(Supplied material)
========================

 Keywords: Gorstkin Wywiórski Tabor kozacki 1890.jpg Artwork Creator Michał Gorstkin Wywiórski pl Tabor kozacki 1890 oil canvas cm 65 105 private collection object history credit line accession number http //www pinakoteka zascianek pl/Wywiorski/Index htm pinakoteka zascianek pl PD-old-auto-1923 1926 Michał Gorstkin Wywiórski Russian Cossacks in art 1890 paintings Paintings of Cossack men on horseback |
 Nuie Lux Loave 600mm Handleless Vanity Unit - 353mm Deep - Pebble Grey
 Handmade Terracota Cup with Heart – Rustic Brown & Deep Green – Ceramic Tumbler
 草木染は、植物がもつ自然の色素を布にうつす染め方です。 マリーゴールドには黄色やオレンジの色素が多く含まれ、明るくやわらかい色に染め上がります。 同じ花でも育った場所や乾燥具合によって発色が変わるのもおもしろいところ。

========================

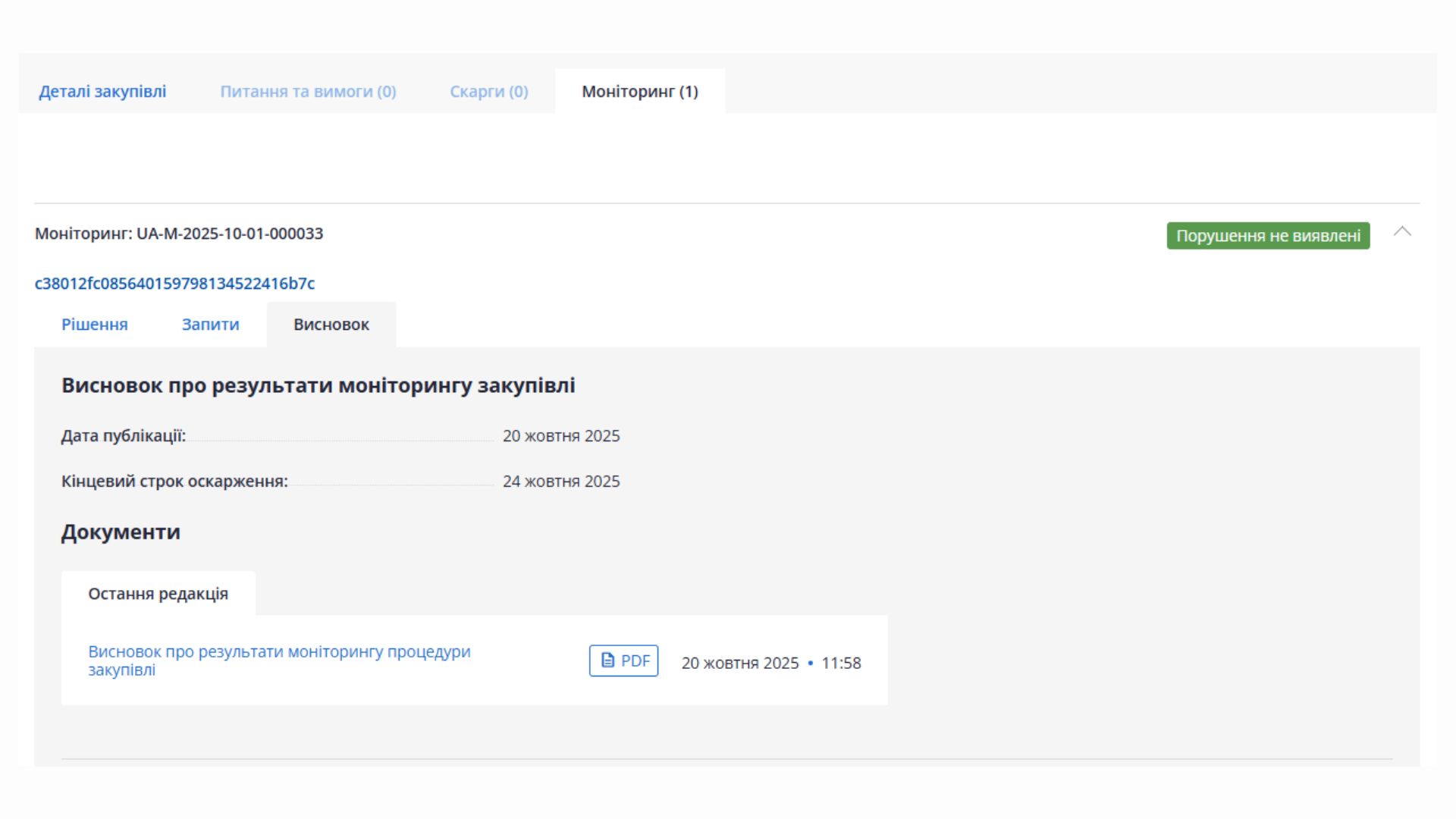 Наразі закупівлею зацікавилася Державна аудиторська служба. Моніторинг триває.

========================

Show every line from the entries above in which "Deep" appears.

 Nuie Lux Loave 600mm Handleless Vanity Unit - 353mm Deep - Pebble Grey
 Handmade Terracota Cup with Heart – Rustic Brown & Deep Green – Ceramic Tumbler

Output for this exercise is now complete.